Elbowing is a disallowed practice in most combat sports. However, Southeast Asian boxing (Pradal Serey, Muay Thai, Muay Lao, Lethwei) and most mixed martial arts (MMA) organizations do allow elbowing, or allow elbowing in a specific manner. The mixed martial arts organizations disallowing it usually do so because elbowing the head increases the risk of lacerations in a fight.

While elbows are mostly disallowed in most modern combat sports, they are common in traditional martial arts. There are few traditional martial arts that don't use elbows though it depends on which martial art it is, if the elbows are primary or secondary weapons and also in which manner, what tactics and how often they are used. Some well known and respected traditional martial arts that use elbows are Karate, Hung Ga, Bajiquan, Wing Chun, Silat, Lethwei and Muay boran.

In the Southeast Asian boxing art of Muay Thai, elbow strikes are most often used while in close range but are also employed while jumping toward the opponent, similar to Muay Thai's flying knee.
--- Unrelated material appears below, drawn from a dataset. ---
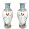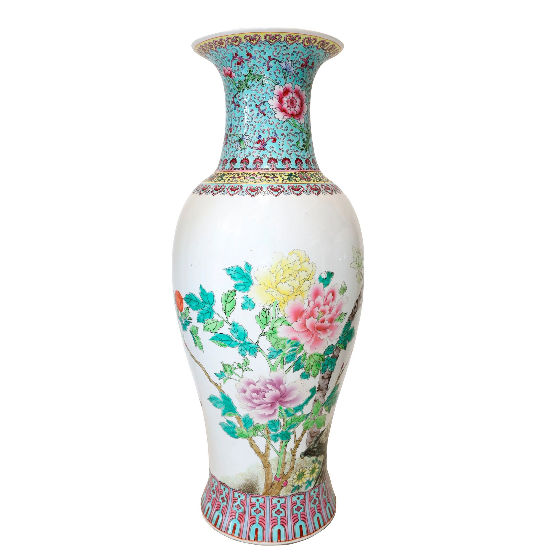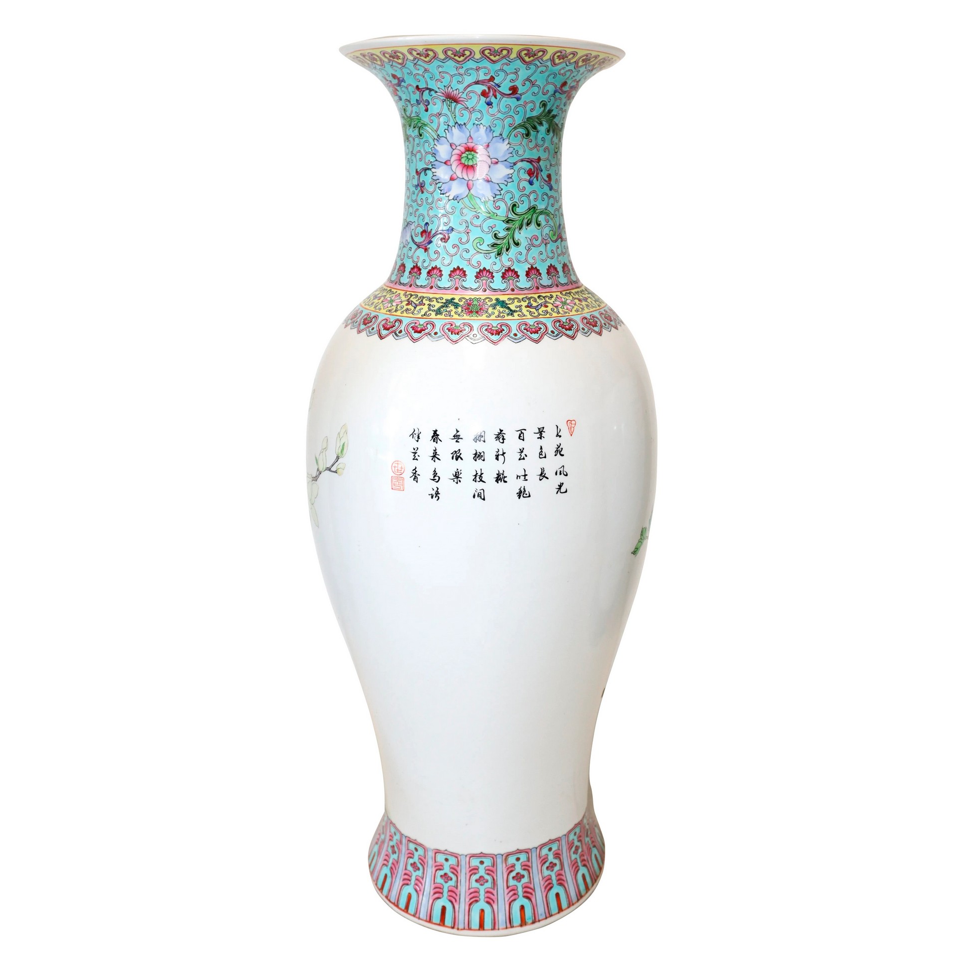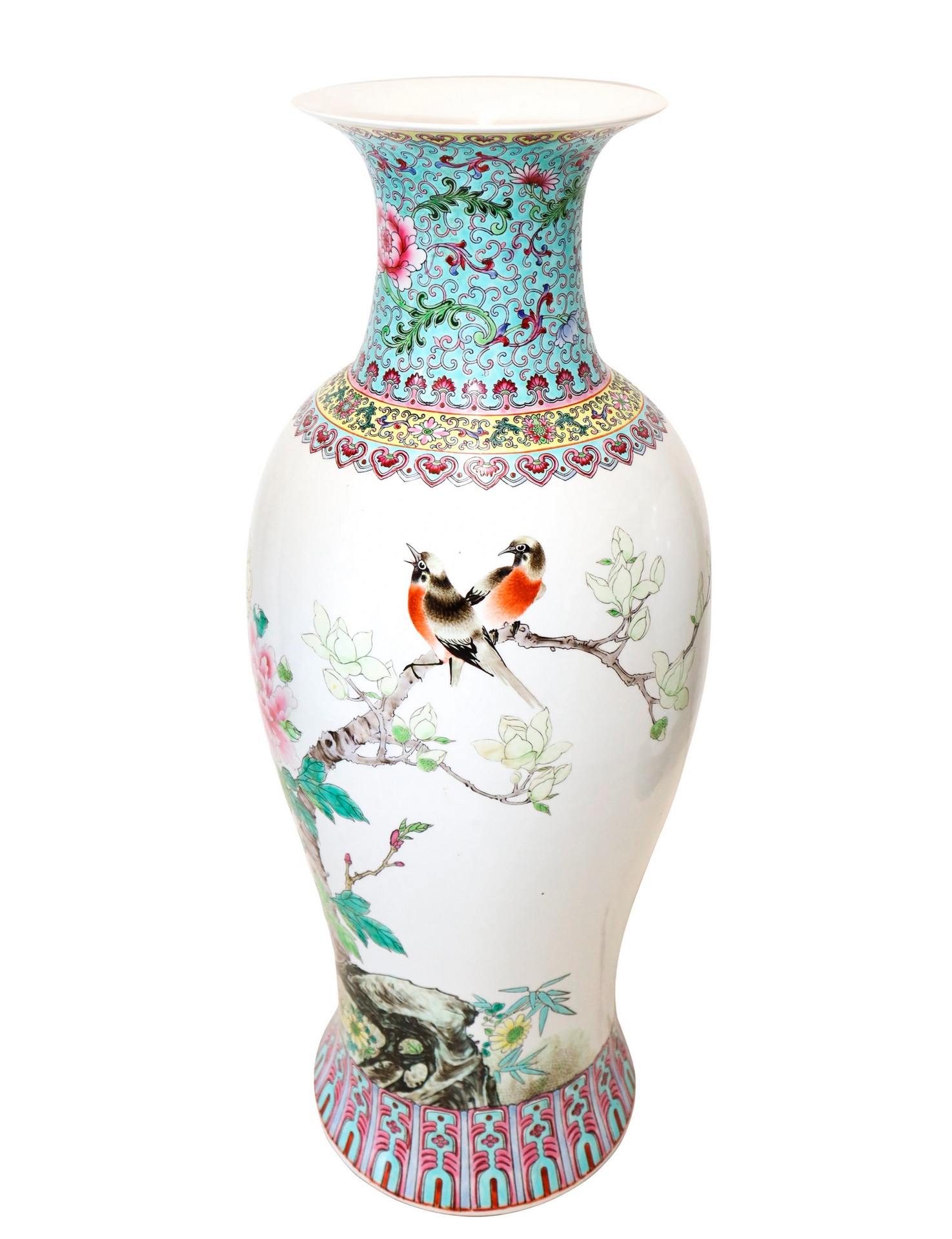 Coppia di grandi vasi cinesi H cm 62, bocca cm 20 Su base bianca con decorazioni floreali e di volatili.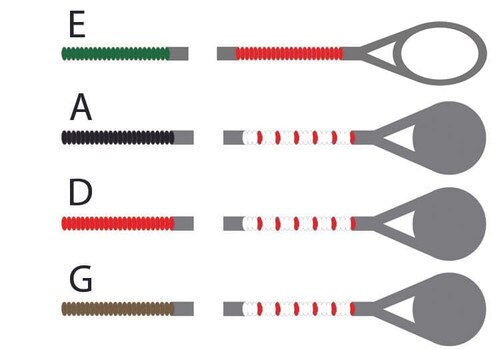 E String: Silvery Steel, Loop End A String: Aluminum wound over a synthetic core D String: Silver wound over a synthetic core G String: Silver wound over a synthetic core

The hardness of the elbow allows for hitting with considerable force, and experienced fighters can easily knock out, cut, or injure their opponent with a well-placed strike. Elbows are generally most effective when used in combination with punches or kicks to allow the fighter to close the distance.

Elbows are also used in mixed martial arts as part of the ground-and-pound fighting tactic. Participants often use elbow strikes in conjunction with punches while in the full guard, half guard, side mount, or full mount in order to knock out or overwhelm the opponent.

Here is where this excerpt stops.